0

I am trying to preform find and replace on docx files, whilst still maintaining formatting.

From reading up on this, the best way seems to be preforming the find/replace on the xml file of the document.

I can load in the xml file and find/replace on it, but unsure how to write it back.

docx:

Hello {text}!

python:

import zipfile

zip = zipfile.ZipFile(open('test.docx', 'rb'))
xmlString = zip.read('word/document.xml').decode('utf-8')
xmlString.replace('{text}', 'world')
user3972986
  • 490
  • 1
  • 5
  • 14

3 Answers3

0

You're really going to want to use a library for reading/writing docx files rather than trying to just deal with them as raw XML. A cursory search came up with the pypi module docx but I haven't used this module so I can't endorse it: https://pypi.python.org/pypi/docx/0.2.4

I've had the (unfortunate) experience of dealing with the manipulation of MS Office documents from other programming languages, and spending the time to find good libraries really paid off.
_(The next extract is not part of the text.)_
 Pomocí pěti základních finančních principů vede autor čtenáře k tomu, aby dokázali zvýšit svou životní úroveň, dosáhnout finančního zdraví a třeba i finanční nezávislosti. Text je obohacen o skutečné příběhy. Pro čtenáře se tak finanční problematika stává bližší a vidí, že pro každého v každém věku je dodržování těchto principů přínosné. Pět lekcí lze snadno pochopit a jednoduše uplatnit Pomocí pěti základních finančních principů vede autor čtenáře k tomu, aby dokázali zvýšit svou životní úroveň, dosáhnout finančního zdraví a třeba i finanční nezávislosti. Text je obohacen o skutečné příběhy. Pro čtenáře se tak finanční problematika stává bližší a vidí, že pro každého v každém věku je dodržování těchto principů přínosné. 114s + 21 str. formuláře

The old saying goes "don't reinvent the wheel" and I think that's definitely true when manipulating non-trivial file formats. If a somewhat mature library exists to do the job, use it!

davecom
  • 1,499
  • 10
  • 30
  • Thanks for your response. I have used docx before but from my experience it does not carry over the formatting – user3972986 Nov 19 '15 at 13:03
  • There appear to be several other candidate libraries like `python-docx` and `docx_replace` seems especially appropriate to your needs. I would spend the time researching them. – davecom Nov 19 '15 at 13:05
  • python-docx does not carry over the formatting either. I have never tried docx_replace. Will give it a go – user3972986 Nov 19 '15 at 13:16
0

You would need to replace the file in the zip archive. There is no "simple" way of achieving this. The following is a question that should help:

overwriting file in ziparchive

Community
  • 1
  • 1
shahvishal
  • 171
  • 4
0

What you are trying is dangerous, because you are processing a high lever docx file at a lower level. If you really want to do it, just use the hints from overwriting file in ziparchive as suggested by @shahvishal.
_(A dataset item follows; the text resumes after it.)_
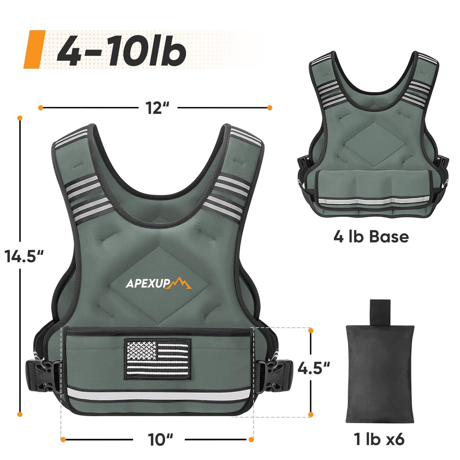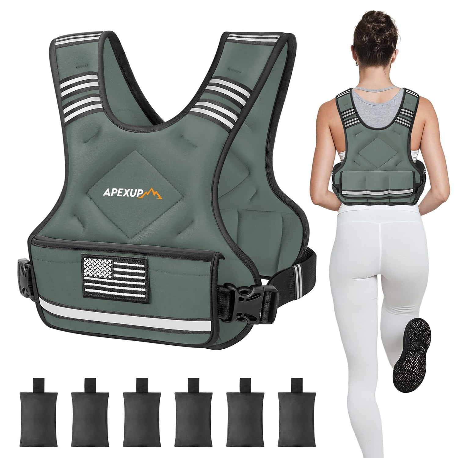 - [ADJUSTABLE WEIGHTED VEST] APEXUP adjustable weighted vest has a base self-weight and comes with 6 sandbags, allowing you to adjust the weight according to your needs and saving you the trouble of buying multiple vests. Choose from 3 weight ranges based on your training stage, 4-10 pounds, 12-18 pounds, and 20-32 pounds

But unless you fully know all the details of docx format, my advice is : do not do that. Suppose there is for any reason in an internal field or attribute the string {text}. You are likely to change the file in an unexpected way leading immediately or even worse later to the destruction of the file (Word being no longer able to process it).
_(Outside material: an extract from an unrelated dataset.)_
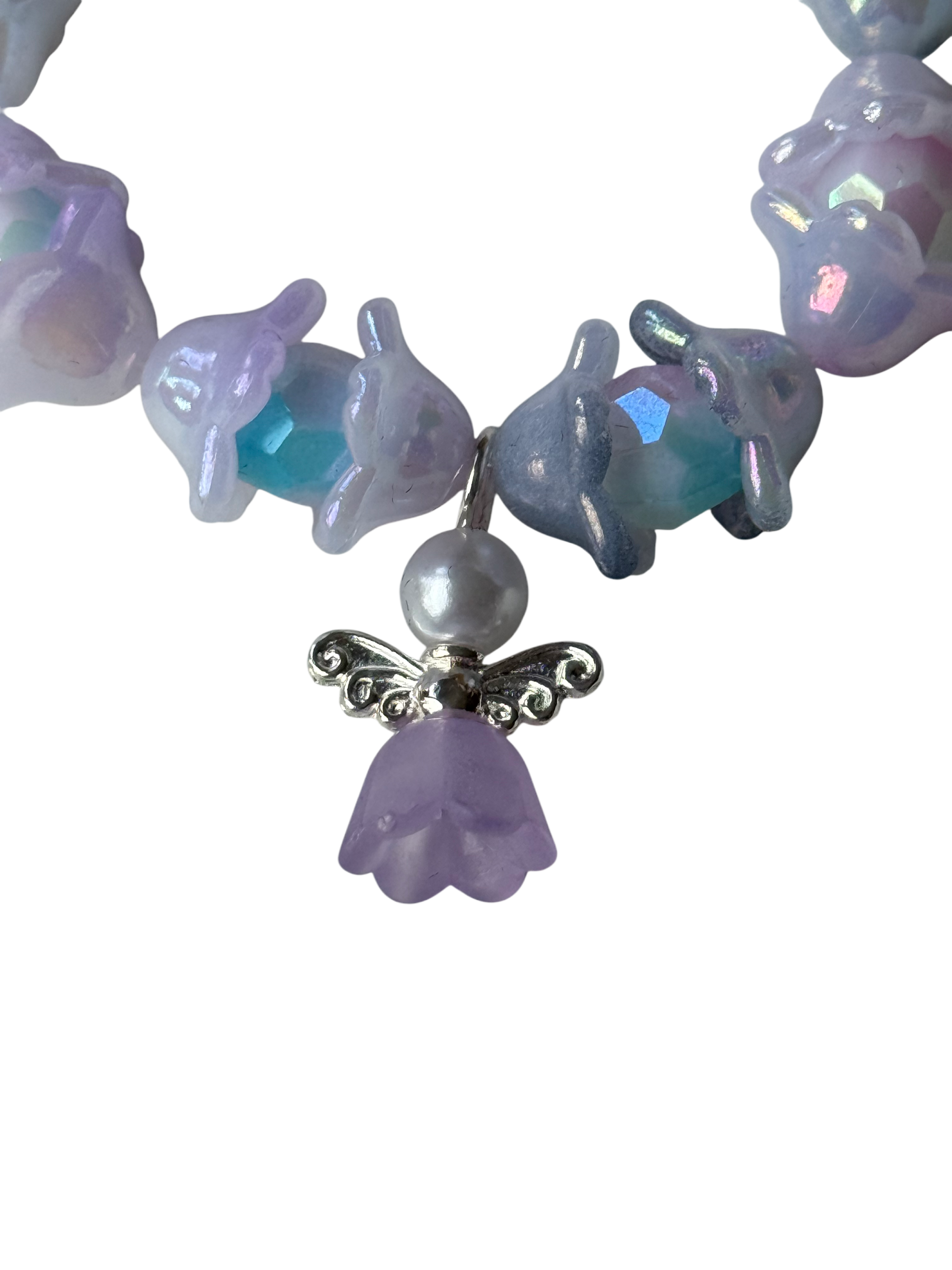 Delicate and dreamy, the Angel Blossom Bracelet is a true fairy tale on your wrist. Crafted with iridescent floral beads wrapped around soft white pearls, this elastic bracelet shimmers with every movement. The highlight of this piece is the charming silver angel pendant, adding a touch of grace and protection to your style. Perfect for anyone who loves whimsical, ethereal accessories.

If you do your processing on a Windows machine with an installed word, you certainly could try to use automation to process the file with Microsoft Word. Unfortunately, I only did that long time ago and cannot give useful links. You will need:

  • general knowledge on pywin30 module
  • sufficient knowledge on the Automation interface of MS/WORD. Hopefully, its documentation is nice with many examples provided you have a full installation of Microsoft Office including macro help
Community
  • 1
  • 1
Serge Ballesta
  • 143,923
  • 11
  • 122
  • 252